DATA RECORDS:

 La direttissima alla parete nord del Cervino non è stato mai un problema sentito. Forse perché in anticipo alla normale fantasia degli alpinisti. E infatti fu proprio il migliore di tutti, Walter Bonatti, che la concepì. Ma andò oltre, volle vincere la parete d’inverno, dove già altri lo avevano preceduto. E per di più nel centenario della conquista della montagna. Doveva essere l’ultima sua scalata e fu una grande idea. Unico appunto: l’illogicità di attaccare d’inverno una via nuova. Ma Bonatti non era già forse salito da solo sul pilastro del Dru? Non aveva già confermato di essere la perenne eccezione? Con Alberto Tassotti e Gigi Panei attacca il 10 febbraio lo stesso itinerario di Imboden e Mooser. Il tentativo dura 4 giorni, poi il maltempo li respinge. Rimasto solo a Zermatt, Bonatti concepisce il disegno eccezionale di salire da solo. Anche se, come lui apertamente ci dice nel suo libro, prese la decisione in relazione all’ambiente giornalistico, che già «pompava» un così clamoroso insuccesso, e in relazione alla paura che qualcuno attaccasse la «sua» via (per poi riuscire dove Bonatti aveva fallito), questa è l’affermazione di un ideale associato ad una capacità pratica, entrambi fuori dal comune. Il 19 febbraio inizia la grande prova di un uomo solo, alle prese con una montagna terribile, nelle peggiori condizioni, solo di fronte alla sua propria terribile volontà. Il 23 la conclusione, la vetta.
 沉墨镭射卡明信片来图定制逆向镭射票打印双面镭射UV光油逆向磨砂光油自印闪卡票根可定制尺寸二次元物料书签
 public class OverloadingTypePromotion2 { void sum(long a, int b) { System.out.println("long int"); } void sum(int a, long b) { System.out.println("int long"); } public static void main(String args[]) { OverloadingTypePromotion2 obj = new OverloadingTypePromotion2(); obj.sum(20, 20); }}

---

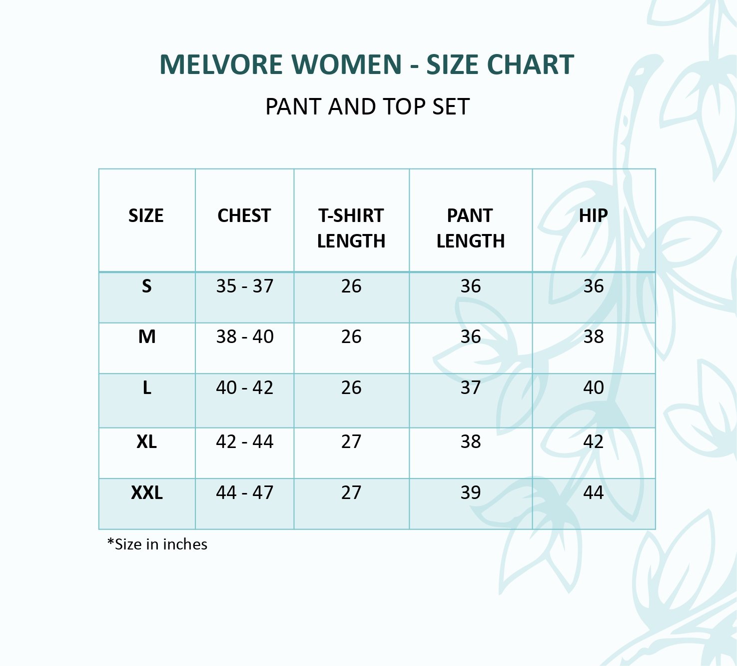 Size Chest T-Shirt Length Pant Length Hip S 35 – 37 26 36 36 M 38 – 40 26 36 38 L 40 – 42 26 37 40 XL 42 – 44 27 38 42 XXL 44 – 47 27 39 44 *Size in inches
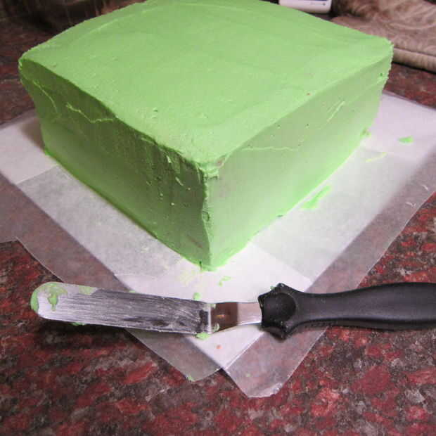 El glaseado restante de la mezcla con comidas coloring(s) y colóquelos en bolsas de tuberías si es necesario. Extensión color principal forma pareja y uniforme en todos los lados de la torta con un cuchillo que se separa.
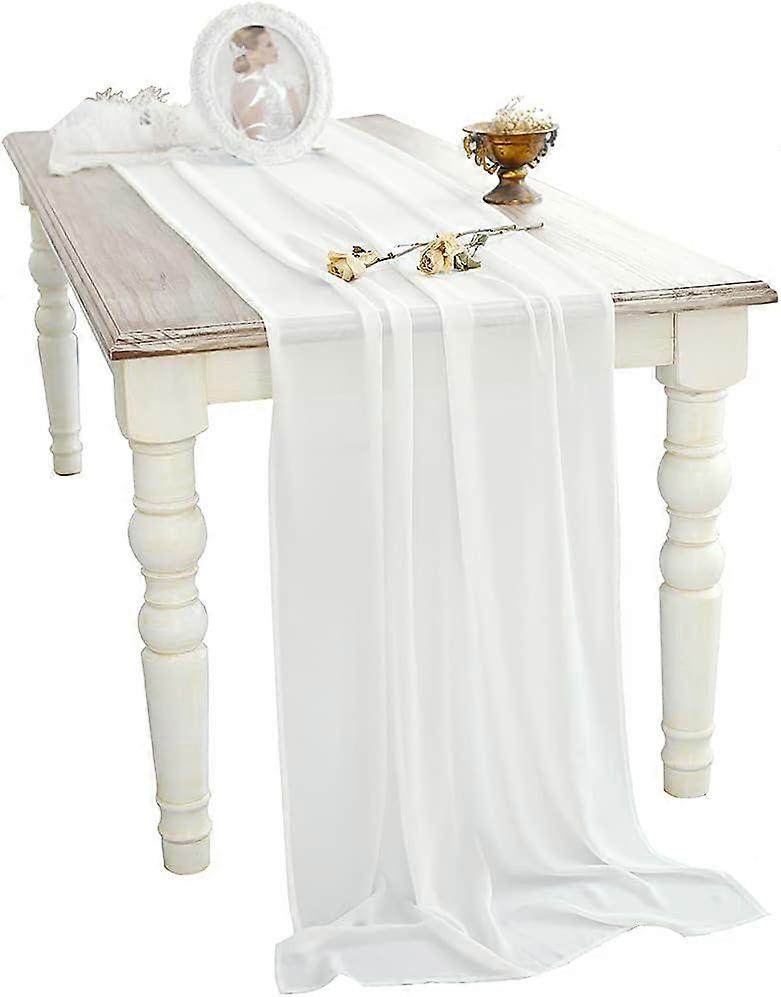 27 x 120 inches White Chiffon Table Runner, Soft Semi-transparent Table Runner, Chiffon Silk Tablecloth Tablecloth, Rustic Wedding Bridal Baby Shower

WHAT THE EXERCISE ASKS: Output only an exact transcription of the lines above from the one with "沉墨镭射卡明信片来图定制逆向" up to and including the one with "public class OverloadingTypePromotion2".

EXPECTED ANSWER:
 沉墨镭射卡明信片来图定制逆向镭射票打印双面镭射UV光油逆向磨砂光油自印闪卡票根可定制尺寸二次元物料书签
 public class OverloadingTypePromotion2 { void sum(long a, int b) { System.out.println("long int"); } void sum(int a, long b) { System.out.println("int long"); } public static void main(String args[]) { OverloadingTypePromotion2 obj = new OverloadingTypePromotion2(); obj.sum(20, 20); }}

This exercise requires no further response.